VMware makes virtualisation software that allows one computer (the host) to pretend to be one or more pseudo-computers (the guests).
Each guest is a “virtual machine” or VM that thinks it’s a real computer. The VMs are isolated from each other and the host by the virtualisation software.
That isolation is especially important in a hosting environment, where one physical server may provide virtual server instances to several different customers at the same time.
The out-of-bounds write vulnerability in VMware’s products allows guests to break out of their isolation—an attacker could escape the confines of a virtual machine and execute malicious code on the machine the VM is running on.

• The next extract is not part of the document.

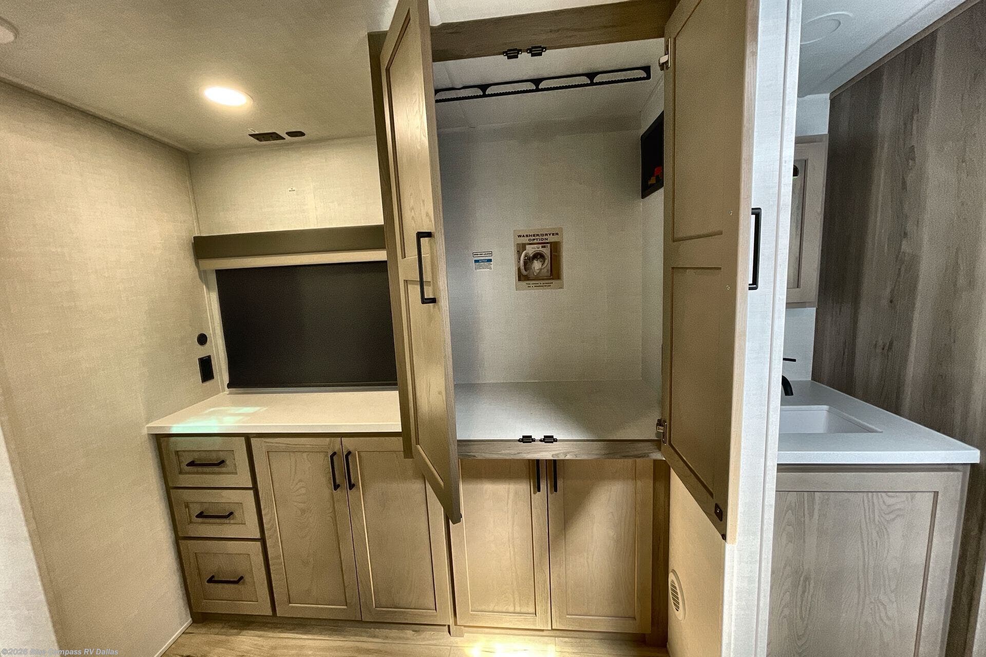This front kitchen travel trailer is sure to make all your camping wishes come true. It's perfect for a couple since there is a master bedroom with a 60" x 80" queen bed, plus a theater seat in the main living area. If you're needing additional sleeping spaces, just choose the optional hide-a-bed sofa in place of the theater seat. The generous counter space in the kitchen will give you plenty of space to prep meals, and there is a bartop with stools where you can dine together. Along with the queen bed slide, the bedroom also includes a dresser, a TV option, plus a wardrobe with washer and dryer prep if you choose to add these appliances. And don't overlook the full rear bath to freshen up each day!

The impact of this vulnerability is potentially quite high, which is why VMware rates this vulnerability as critical; however, the Zero Day Initiative, which worked with the two researchers who discovered this issue to disclose it to VMware, gives this vulnerability only a medium score of 6.2.
The nuance behind ZDI’s reasoning is that while the impact is potentially high, this is not an easy vulnerability to exploit—it requires local access (either physical access or local shell), and the access complexity is high—in this case, the attacker must already be able to execute low-privilege code on the virtual machine to trigger this vulnerability.
Thankfully VMware issued a fix for this vulnerability (CVE-2017-4924 for those keeping track at home), so the standard advice of “patch ASAP” applies.
ESXi version 6.5, Workstation 12.x, and Fusion 8.x on OSX are all vulnerable to this bug, so update as soon as you can if you haven’t yet.